Healthcare C-suite executives do not need a PowerPoint presentation from the CISO to understand that cybersecurity should be a top priority for healthcare provider organizations today. They just need to read all the headlines of security breaches at hospitals across the country. But are they doing so?

Nearly a third of hospitals and health systems are planning to implement biometrics (29%), digital forensics (28%) or penetration testing (28%) within the next 24 months, according to new HIMSS Media research. (HIMSS is the parent company of Healthcare IT News.)
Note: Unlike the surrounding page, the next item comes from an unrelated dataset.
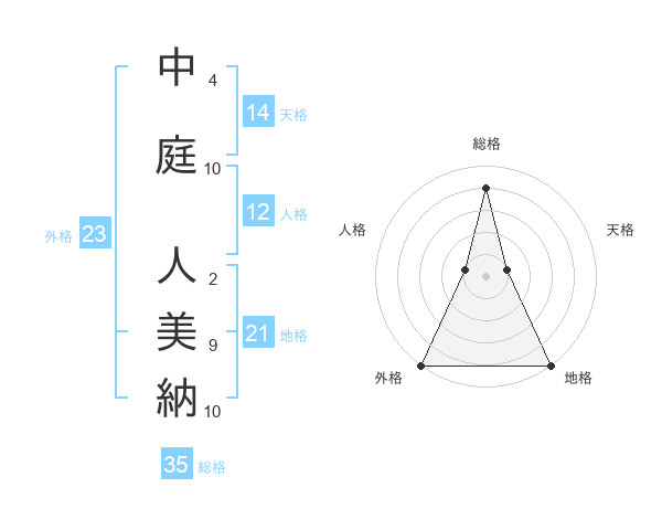 中庭 人美納さんを姓名の画数から五運を鑑定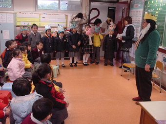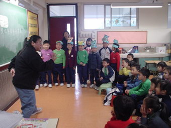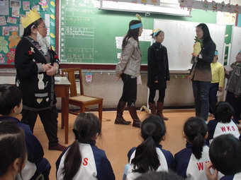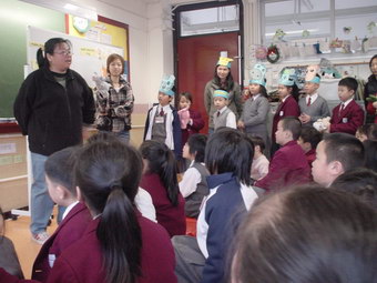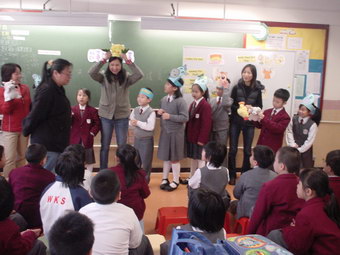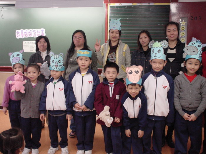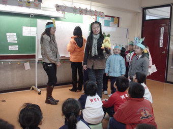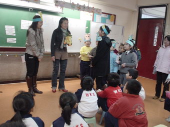 照片說明:貓媽媽、燕子媽媽、芒果媽媽、蘋果媽媽、大眼媽媽、甜甜媽媽和俊媽媽等,於1月和2月 為一至二年級的同學分享了故事《十二生肖的故事》。故事描述民間傳說十二生肖的來源。 媽媽們的分享生動有趣,扮演維妙維肖。同學們沉醉在歡樂的分享中。

However, 43% say funding is keeping their organizations from executing on security challenges they have, the research shows.

This is the fourth installment in Healthcare IT News' latest feature series, "Health IT Investment: The Next Five Years." This fourth feature focuses on cybersecurity.
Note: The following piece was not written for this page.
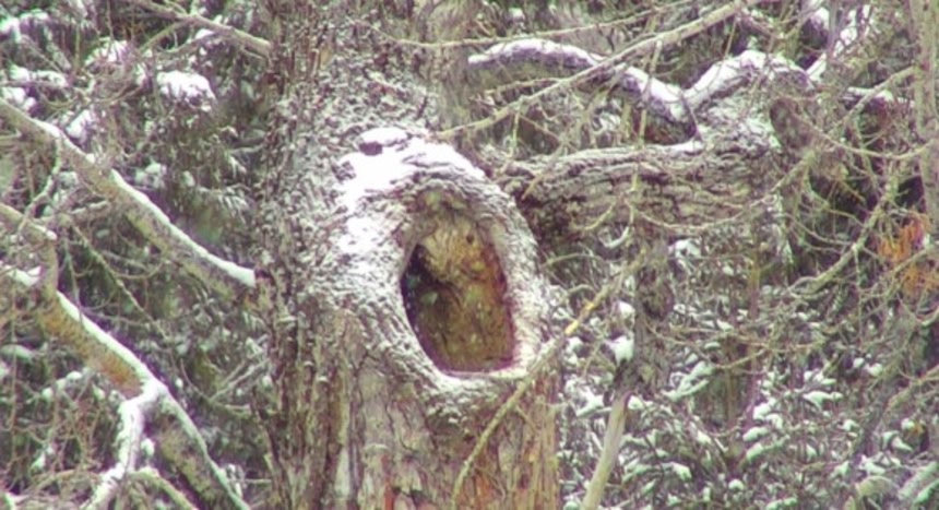 幸せそう。二股の太い枝が折れてできたウロなのかな。まだ雪降ってて寒いんだね。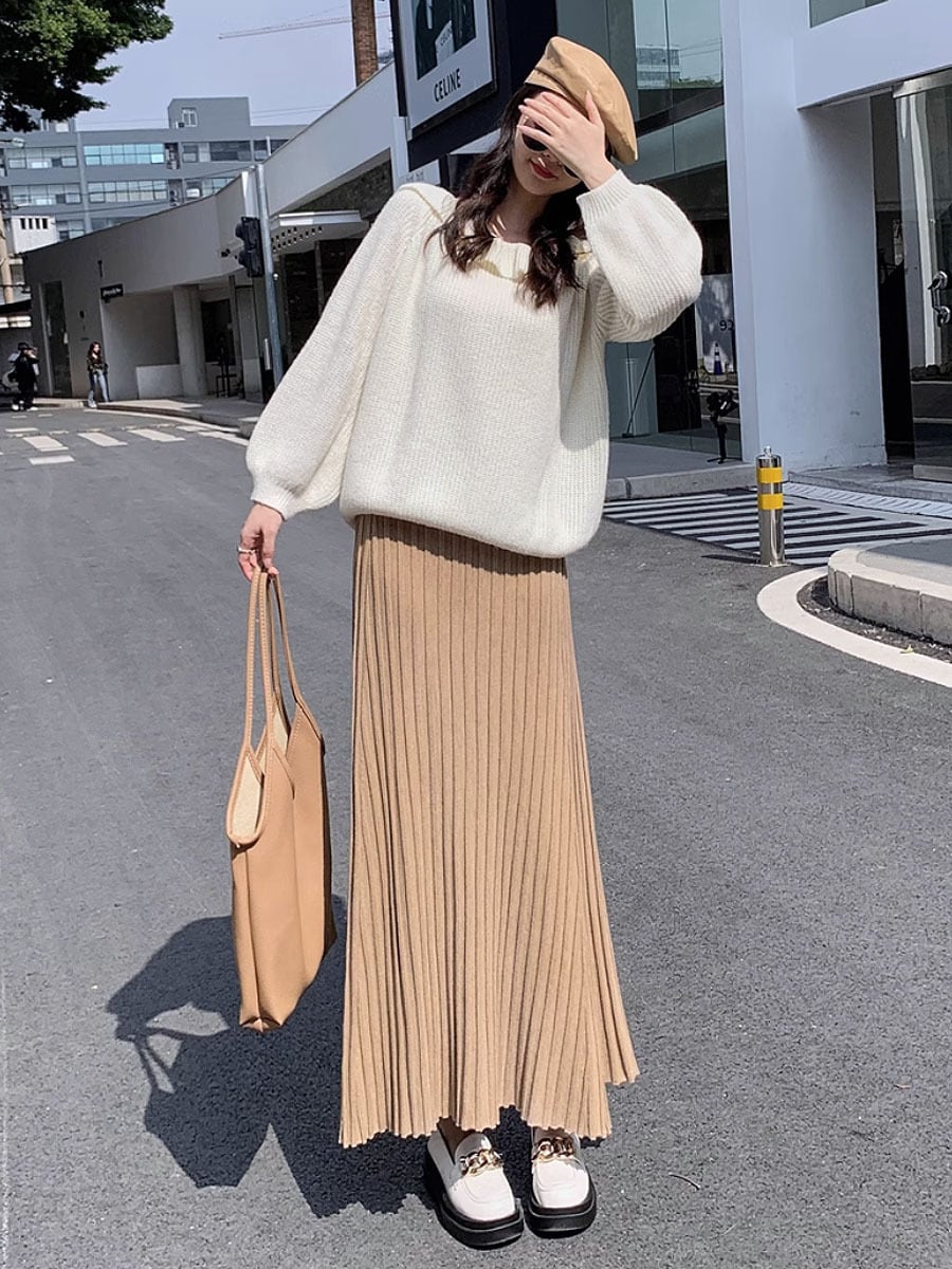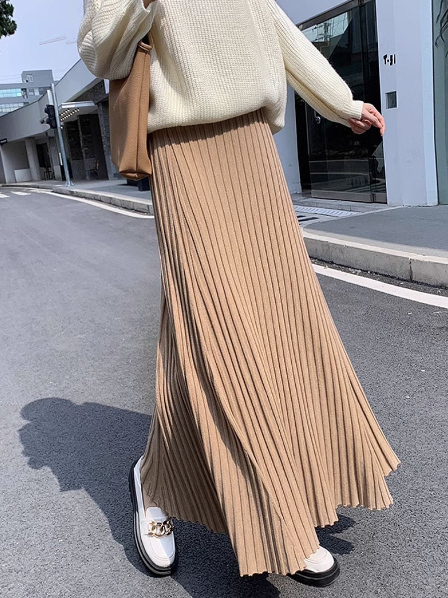 全4色 プリーツロングスカート マキシ マキシ丈 フェミニン アンクル丈 プリーツスカート 秋冬 フレア Aライン プリーツ ハイウエスト ウエストゴム 伸縮性あり 伸び縮み のびのび 楽ちん 大人可愛い きれいめ シンプル 大人 上品 おしゃれ お洒落 大人女子 クール エレガント 無地 レディース 通勤 学生 通学 デート お出かけ 女子会 休日 着回し 普段使い 楽ちん モテ 美脚 脚長 韓国コーデ 黒 白 ブラック オフホワイト カーキ ベージュ グレー 灰色

The series offers interviews, mostly with CIOs, to learn from them the path forward through the priorities they set with their investments in six categories: AI and machine learning; interoperability; telehealth, connected health and remote patient monitoring; cybersecurity; electronic health records and population health; and emerging technology and other systems.

Click here to access all the features currently available.

The five CIOs and one COO discussing their plans for the next five years in this installment include:

• Cara Babachicos, senior vice president and CIO at South Shore Health, a health system based in Weymouth, Massachusetts.
• Matt Hocks, COO at Sioux Falls, South Dakota-based Sanford Health, a $6 billion health system serving a predominantly rural population over a four-state footprint with both payer and provider arms.
• Mike Mistretta, vice president and CIO at Virginia Hospital Center in Arlington.
• B.J. Moore, CIO of Providence, a health system that operates 52 hospitals across seven states – Alaska, Montana, Oregon, Washington, California, New Mexico and Texas.
• Michael Restuccia, senior vice president and CIO at Penn Medicine in Philadelphia.
• Dr. Umberto Tachinardi, CIO at Regenstrief Institute in Indianapolis.

'A tremendous amount of money'

"Cybersecurity is ever-changing as new technologies and threats emerge," said Mistretta of Virginia Hospital Center. "We have spent a tremendous amount of money in the past two years hardening our defenses and filling gaps so we are compliant with best practices.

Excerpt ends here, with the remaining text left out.